Красный свет | Страница: 64

  • Georgia
  • Verdana
  • Tahoma
  • Symbol
  • Arial
16
px

– Разумеется, герр Гитлер!

– В деле под Аррасом, – сказал отец юноши, который так просто не хотел уступить влияние на сына, – в деле под Аррасом, – он назидательно поднял палец и приготовился описать подвиги родственника, но Гитлер перебил его.

– Я был под Аррасом, – просто сказал Гитлер.

Действительно, именно под Аррасом он был ранен в ногу и получил Железный крест первой степени за храбрость. У него было два креста, но постоянно он носил лишь этот – в память о том бое. Виттроки заметили крест, спросили о его происхождении. Я ответил вместо Гитлера; на юношу рассказ произвел впечатление.

– Поразили воображение мальчика, – сказал Виттрок старший. – Впрочем, увлечения в таком возрасте меняются быстро. Вчера его героем был Чемберлен – знаете этого англичанина?

– Какой Чемберлен? – поинтересовался я. – Политик Невилл – или мыслитель Хьюстон Стюарт Чемберлен?

– Надеюсь, – заметил Гитлер, – молодой человек не тратит время на болтуна-политика.
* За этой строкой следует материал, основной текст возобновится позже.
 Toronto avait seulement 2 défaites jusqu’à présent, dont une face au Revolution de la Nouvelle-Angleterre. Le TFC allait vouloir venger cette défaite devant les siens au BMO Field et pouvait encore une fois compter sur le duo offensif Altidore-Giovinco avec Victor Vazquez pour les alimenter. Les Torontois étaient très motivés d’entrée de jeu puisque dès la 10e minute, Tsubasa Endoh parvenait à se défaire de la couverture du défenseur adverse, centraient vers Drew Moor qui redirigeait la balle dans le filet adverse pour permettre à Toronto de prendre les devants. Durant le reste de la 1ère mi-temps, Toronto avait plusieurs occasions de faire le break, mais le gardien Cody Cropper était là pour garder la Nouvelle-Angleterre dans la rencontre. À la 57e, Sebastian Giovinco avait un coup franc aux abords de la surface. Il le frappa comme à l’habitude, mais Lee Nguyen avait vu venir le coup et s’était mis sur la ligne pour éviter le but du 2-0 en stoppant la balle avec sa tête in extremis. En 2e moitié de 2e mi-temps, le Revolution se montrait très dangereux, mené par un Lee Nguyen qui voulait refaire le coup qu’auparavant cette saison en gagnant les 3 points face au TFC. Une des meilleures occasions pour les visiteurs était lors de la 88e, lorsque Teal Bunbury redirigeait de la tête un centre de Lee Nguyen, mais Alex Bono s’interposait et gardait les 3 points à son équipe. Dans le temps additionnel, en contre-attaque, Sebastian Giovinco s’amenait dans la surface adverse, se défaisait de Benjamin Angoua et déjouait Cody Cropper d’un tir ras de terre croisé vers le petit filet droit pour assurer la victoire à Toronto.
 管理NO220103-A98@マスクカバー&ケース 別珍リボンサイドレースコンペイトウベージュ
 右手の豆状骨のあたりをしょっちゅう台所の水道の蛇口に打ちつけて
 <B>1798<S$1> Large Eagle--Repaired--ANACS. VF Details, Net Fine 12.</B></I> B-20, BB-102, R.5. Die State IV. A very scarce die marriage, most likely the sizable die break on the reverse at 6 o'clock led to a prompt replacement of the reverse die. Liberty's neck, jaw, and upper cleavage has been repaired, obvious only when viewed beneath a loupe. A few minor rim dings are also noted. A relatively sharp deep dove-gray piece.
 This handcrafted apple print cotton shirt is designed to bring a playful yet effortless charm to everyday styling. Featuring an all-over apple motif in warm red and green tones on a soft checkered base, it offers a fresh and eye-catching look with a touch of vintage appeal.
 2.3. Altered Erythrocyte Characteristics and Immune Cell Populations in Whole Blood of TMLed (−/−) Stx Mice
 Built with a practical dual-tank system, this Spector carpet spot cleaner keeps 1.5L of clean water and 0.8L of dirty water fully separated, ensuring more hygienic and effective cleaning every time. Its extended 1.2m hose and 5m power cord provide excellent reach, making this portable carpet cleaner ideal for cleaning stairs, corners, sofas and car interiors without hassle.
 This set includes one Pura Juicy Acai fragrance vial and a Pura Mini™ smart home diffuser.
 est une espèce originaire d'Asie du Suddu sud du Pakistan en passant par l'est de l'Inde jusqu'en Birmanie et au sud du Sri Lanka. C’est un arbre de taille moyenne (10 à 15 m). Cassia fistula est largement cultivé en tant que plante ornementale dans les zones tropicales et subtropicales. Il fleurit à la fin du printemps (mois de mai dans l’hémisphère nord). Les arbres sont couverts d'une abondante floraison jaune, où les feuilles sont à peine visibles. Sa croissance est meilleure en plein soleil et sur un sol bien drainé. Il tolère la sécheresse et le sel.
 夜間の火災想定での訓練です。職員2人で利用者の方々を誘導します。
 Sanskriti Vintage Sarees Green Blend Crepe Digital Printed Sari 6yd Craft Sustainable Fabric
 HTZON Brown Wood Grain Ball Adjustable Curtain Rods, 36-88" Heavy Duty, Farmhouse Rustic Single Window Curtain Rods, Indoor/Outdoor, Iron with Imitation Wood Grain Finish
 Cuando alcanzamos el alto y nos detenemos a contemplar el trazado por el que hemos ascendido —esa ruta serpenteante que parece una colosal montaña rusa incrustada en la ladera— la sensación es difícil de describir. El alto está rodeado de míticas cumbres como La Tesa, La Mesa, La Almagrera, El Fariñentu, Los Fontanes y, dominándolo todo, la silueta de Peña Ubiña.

Читайте Хьюстона Чемберлена. Почитайте, что он пишет о евреях. Проблема обозначена точно.

– Не могу с вами не согласиться! – Виттрок-отец отреагировал крайне живо, привстал даже, предлагая гостю мозельское вино. – Евреи, вот кто получил прямую выгоду от германской разрухи! Посмотрите на то, как евреи ведут торговлю! Я занимаюсь своим делом уже двадцать лет, имею свой круг клиентов – и что же? Знаете эту еврейскую стратегию – сначала снижают цены, а потом, забрав себе клиента, продают не один предмет – а три! Думаете, предлагают качественный товар? Как бы не так! Вот, полюбуйтесь на этот секретер – баварская работа, семнадцатый век, резной дуб с инкрустациями! Я мог бы просить за эту вещь… Но качество уже никого не интересует! Право, даже обидно рассказывать, в каком положении я оказался, благодаря этим торгашам.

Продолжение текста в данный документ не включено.